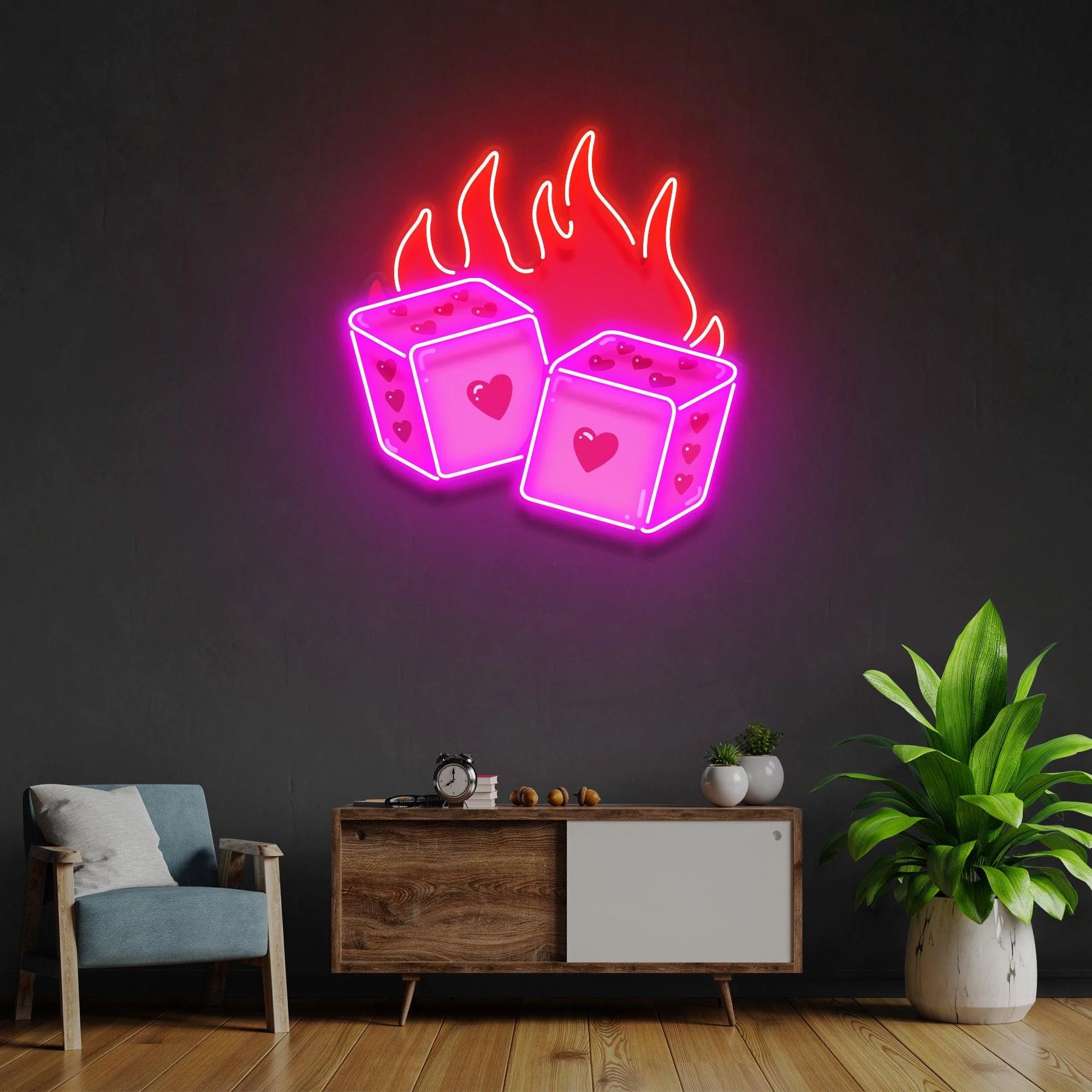HDJSign - DND Dice Love Acrylic Artwork Neon Sign
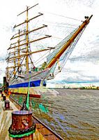 Russisch zeilschip Mir am Kai in Hamburg ter gelegenheid van de verjaardag van de haven, Duitsland.
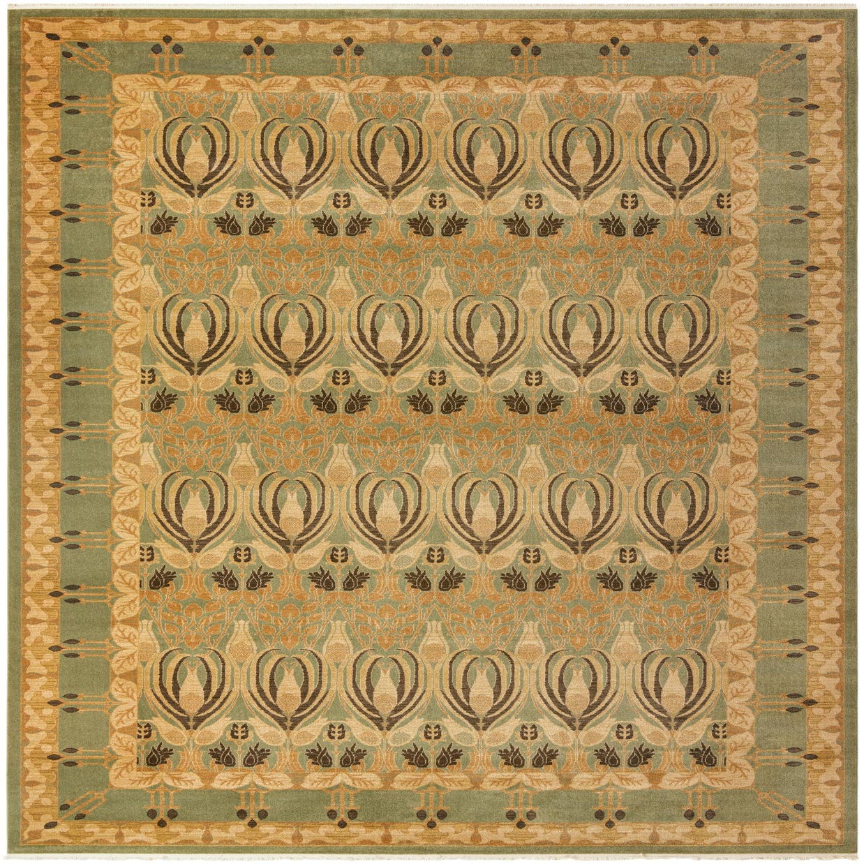 Primary color is Light Green. Colors in this rug include: Light Green, Cream, Olive, Tan, Brown.

Exercise description ▸ With pictures omitted, copy exactly the lines from the one containing "Russisch zeilschip Mir" through the final line of the listing, both included.

Answer ▸
 Russisch zeilschip Mir am Kai in Hamburg ter gelegenheid van de verjaardag van de haven, Duitsland.
 Primary color is Light Green. Colors in this rug include: Light Green, Cream, Olive, Tan, Brown.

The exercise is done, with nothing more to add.